There had been nothing out of the ordinary about seeing the man on the bluff.

Nothing at all.

Nothing about the man on the bluff to signal an official presence, nothing to suggest someone who by recognizing him could place her beyond his protection.

Nothing.

He had already been able to see her on the beach.

She had been wearing the same white dress she was wearing in the Intercon coffee shop.

She had been looking out across the tidal flat.

She had been watching the bioluminescence on the water out by the reef.

The man on the bluff had been leaning over, tying his shoe, his face obscured.

There was a full moon but the man’s face had been obscured.

That the man’s face had been obscured was of course something that did not occur to Treat Morrison until after the fact, by which time the man on the
bluff was beside the point, since it had been immediately and incontrovertibly established, according to both the FBI and the local police, who had coincidentally been staking out the Aero Sands all that week on an unrelated drug matter, that the man on the bluff, if indeed there had been a man on the bluff, was not the would-be assassin.

The reason this had been immediately and incontrovertibly established was that the local police who had been so fortuitously on hand had managed to kill the would-be assassin right there on the beach, her white dress red with blood before her clip was even emptied.

What bothered Treat Morrison most was not just the man on the bluff.

What bothered him more, what had begun to bother him even as the anesthesiologist was telling him to count backward from one hundred, what was bothering him so much by the time he was alone in the private room at Jackson Memorial that the doctor ordered sedation added to his IV line, was that over the preceding nine days he had checked out the Aero Sands at many different times of day and night, from every possible angle and with every possible eventuality in mind, and he did not recall having at any point during that week seen the local police.

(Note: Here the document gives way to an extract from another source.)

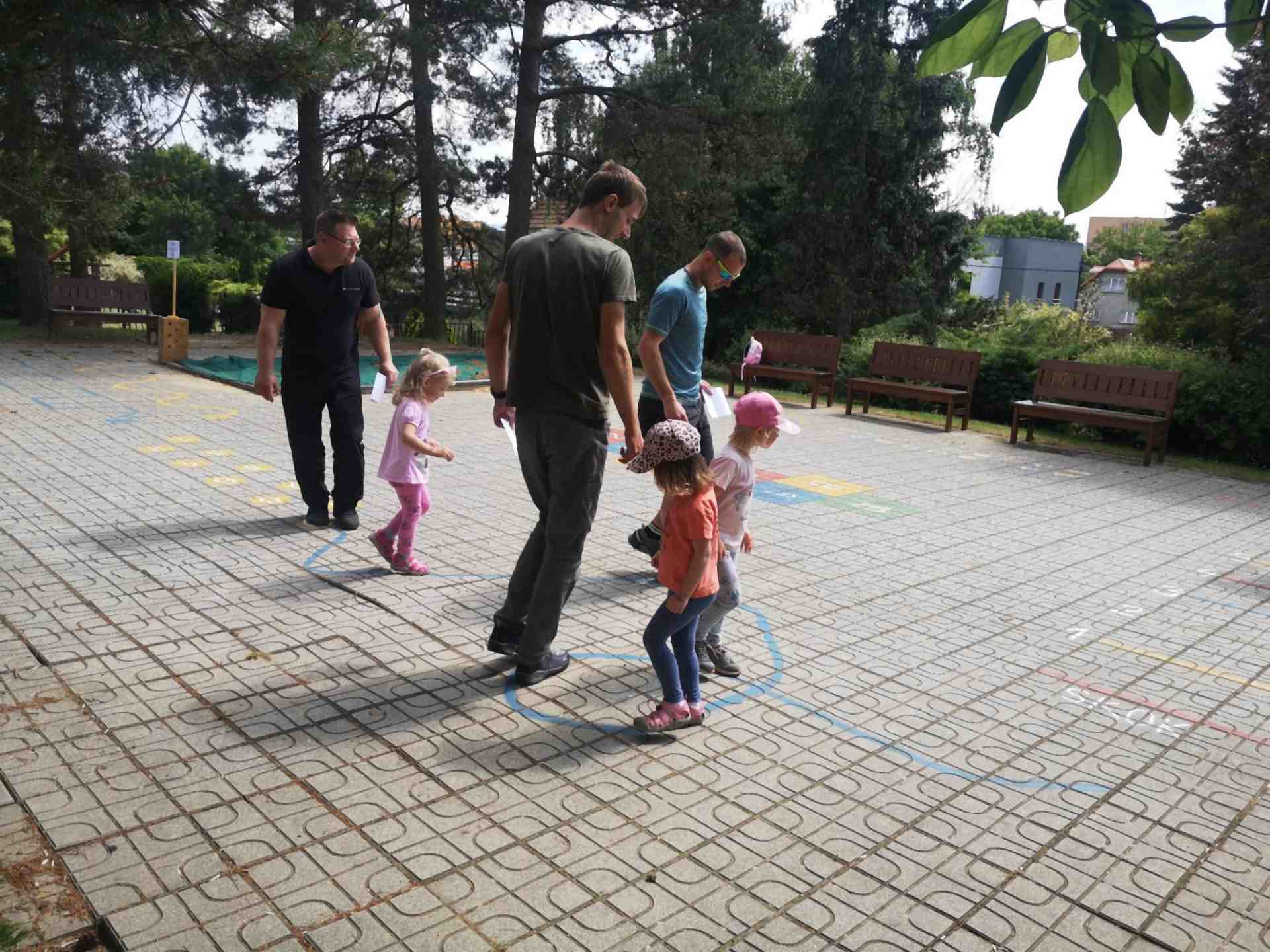 Společné odpoledne plné legrace si na stezce zahradou užili v úterý 13. června 2023 tatínci se svými dětmi ze tříd Kuřátek a Broučků.

Who had been so fortuitously on hand.

Suggesting that they had not been there at all.

Suggesting that if they had been there at all they had been there only at a certain moment, only at the moment they were needed.

A conclusion that could lead nowhere, since Elena McMahon was already dead.

I mean you could add it up but where does it get you.

This was Treat Morrison’s last word on the subject.

I mean it’s not going to bring her back.

5

A
MERICAN IMPLICATED IN ATTEMPTED ASSASSINATION
was the headline on the first AP story as it ran in the Miami
Herald,
the only paper in which I initially had occasion to see it. I recall reading it in the elevator of the hospital where Treat Morrison had finally been stabilized for the flight to Miami. It was that morning’s
Herald,
impossible to come by down there except at the embassy, abandoned in the waiting room by Alex Brokaw’s DCM when the helicopter arrived to take Treat Morrison to the airport.